• Collected data
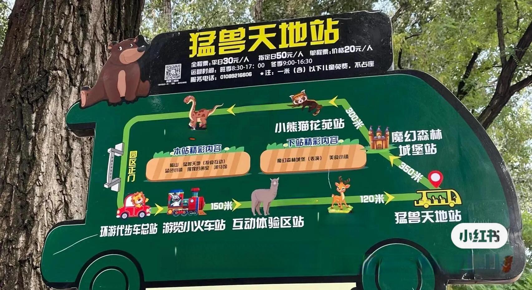大约10点半抵达动物园。通过小程序购买150元门票入园。入园后右手边50米处的游客服务中心可存包。对面是代步车站点,可在此换取手环并乘坐代步车。节假日单日不限次车票50元,非常推荐。相比租用电瓶车更经济实惠,且确实能节省不少步行路程。部分站点可能需要短暂排队候车。
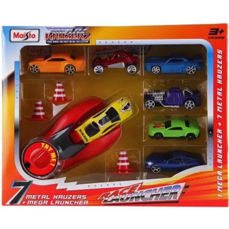 Rev up the fun with the 7-Car Rapid Launcher with Metal Die-Cast Cars! This action-packed playset combines speed, stunts, and endless excitement. The launcher features a sleek design and easy-to-use mechanism that lets kids zoom their cars out with a simple push and press. Built with sturdy materials and vibrant colors, this toy is perfect for unleashing creativity and engaging kids in thrilling racing adventures.
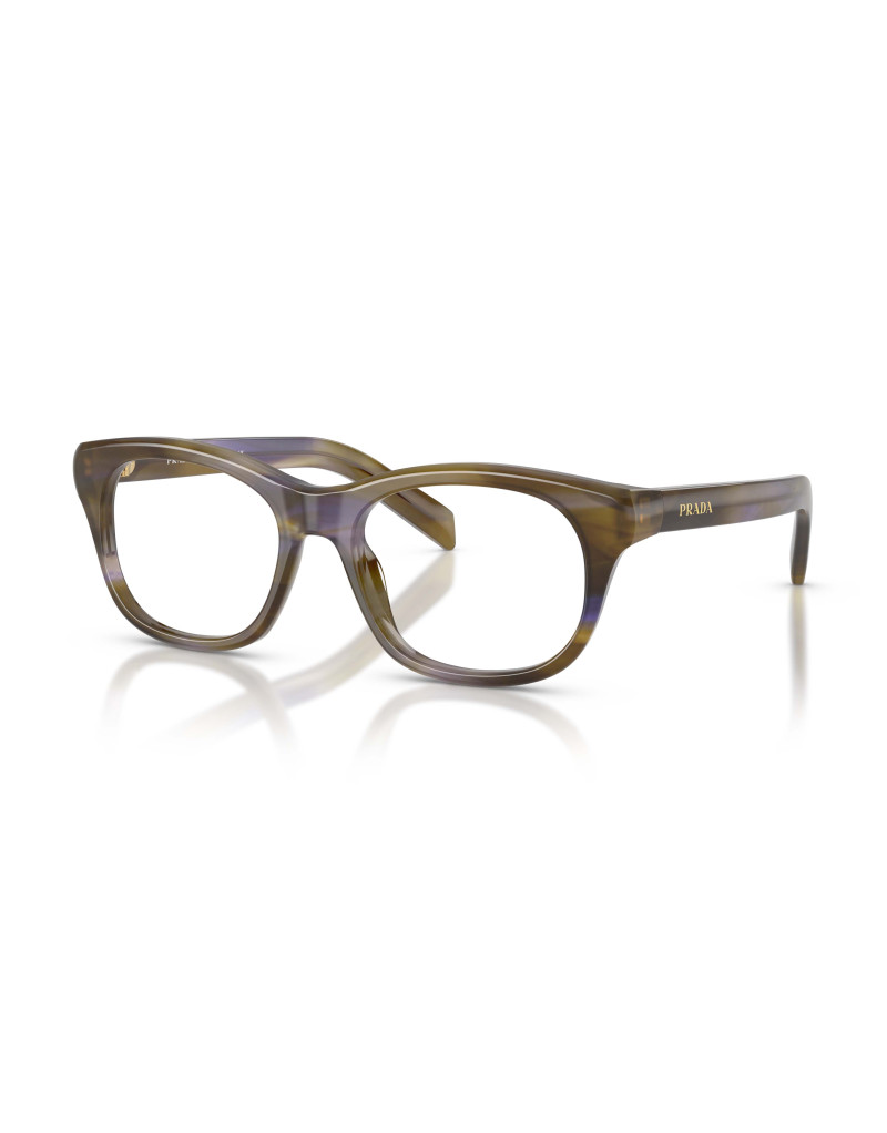 Occhiali da vista Prada C13V con montatura in acetato striato lucido. Modello da donna dalla forma rettangolare con firma Prada sulle aste. Adatto per ogni fisionomia, un accessorio che arricchisce i tuoi look rendendoli unici ed eleganti.

• Work to be completed
Would you repeat the material above exactly, line for line, from its first line to the line with "Rev up the fun", including both and skipping every picture?

• Exercise result
大约10点半抵达动物园。通过小程序购买150元门票入园。入园后右手边50米处的游客服务中心可存包。对面是代步车站点,可在此换取手环并乘坐代步车。节假日单日不限次车票50元,非常推荐。相比租用电瓶车更经济实惠,且确实能节省不少步行路程。部分站点可能需要短暂排队候车。
 Rev up the fun with the 7-Car Rapid Launcher with Metal Die-Cast Cars! This action-packed playset combines speed, stunts, and endless excitement. The launcher features a sleek design and easy-to-use mechanism that lets kids zoom their cars out with a simple push and press. Built with sturdy materials and vibrant colors, this toy is perfect for unleashing creativity and engaging kids in thrilling racing adventures.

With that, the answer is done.